### Your objective
The line containing "Borsa frigo ecologica" and each line after it, through the final line of the data, are to be retyped exactly, with pictures left out.
*** Data to process Section Begins ***
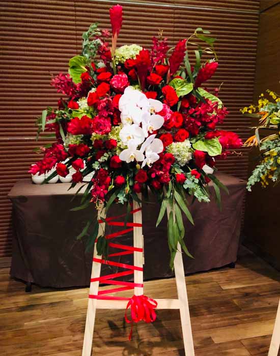 Giữa muôn vàn đóa hồng đỏ rực, những cành hồ điệp trắng tinh khôi vươn lên đầy kiêu hãnh, tạo điểm nhấn sang trọng cho kệ hoa chúc mừng. Món quà là lời chúc cho một khởi đầu mới thuận lợi, thành công vang dội, là món quà đẳng cấp và ý nghĩa gửi đến đối tác, doanh nghiệp trong ngày khai trương.
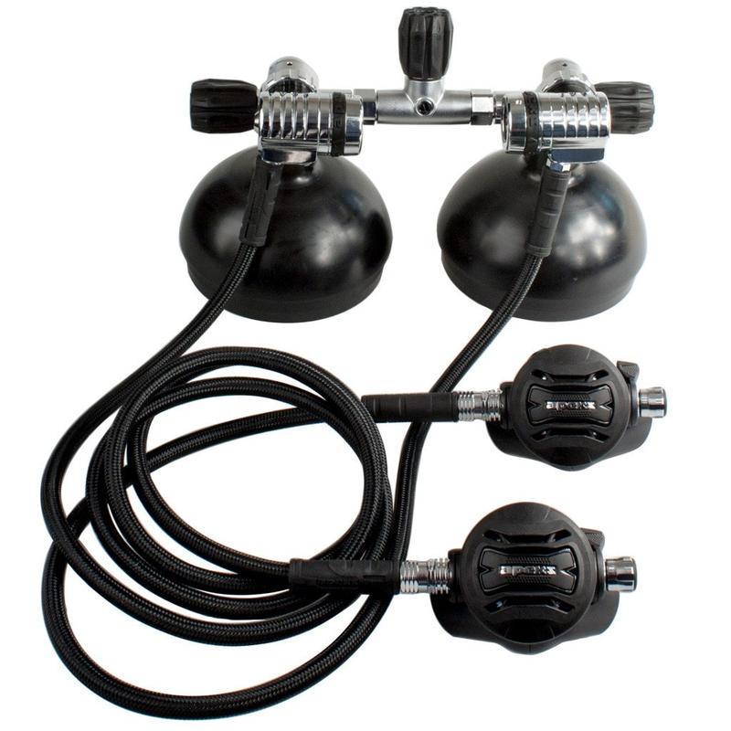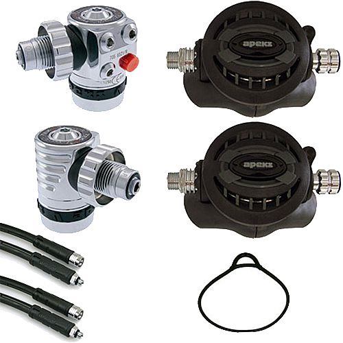 Apeks unique Tek 3 1st stages have been designed with the needs of twinset divers in mind. This full set provides everything you need for for optimised hose routing, free from snags, hose kinking and easy access to he manifold valves.
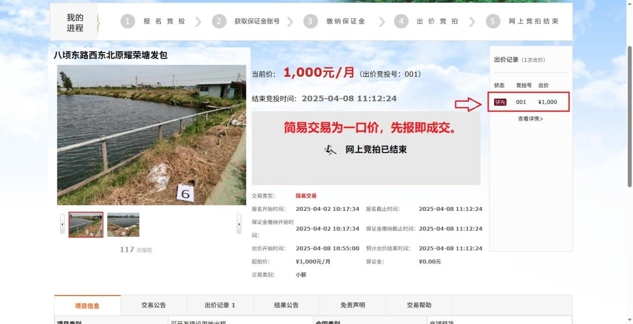 5、当时间到了竞投截止时候后,竞投自动结束,结束后当前价即为最高竞得价,同时在出价记录中会显示全部出价的情况。
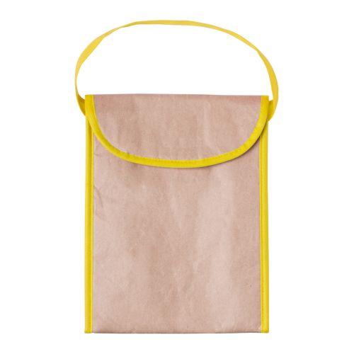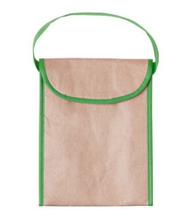 Borsa frigo ecologica per bimbi, realizzata in carta, con manico colorato e interno imbottito in alluminio, di dimensioni 20x26x9cm.
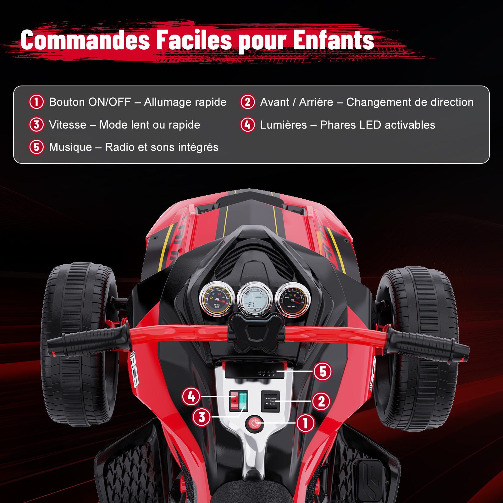 | Libellé | Moto Électrique Enfant Tricycle RCB - 3 Roues - Double Vitesse - Bluetooth - Double Moteur - Batterie 12V - Suspension - RM3 Rouge |
*** Data to process Section Ends ***
### Answer to this problem
 Borsa frigo ecologica per bimbi, realizzata in carta, con manico colorato e interno imbottito in alluminio, di dimensioni 20x26x9cm.
 | Libellé | Moto Électrique Enfant Tricycle RCB - 3 Roues - Double Vitesse - Bluetooth - Double Moteur - Batterie 12V - Suspension - RM3 Rouge |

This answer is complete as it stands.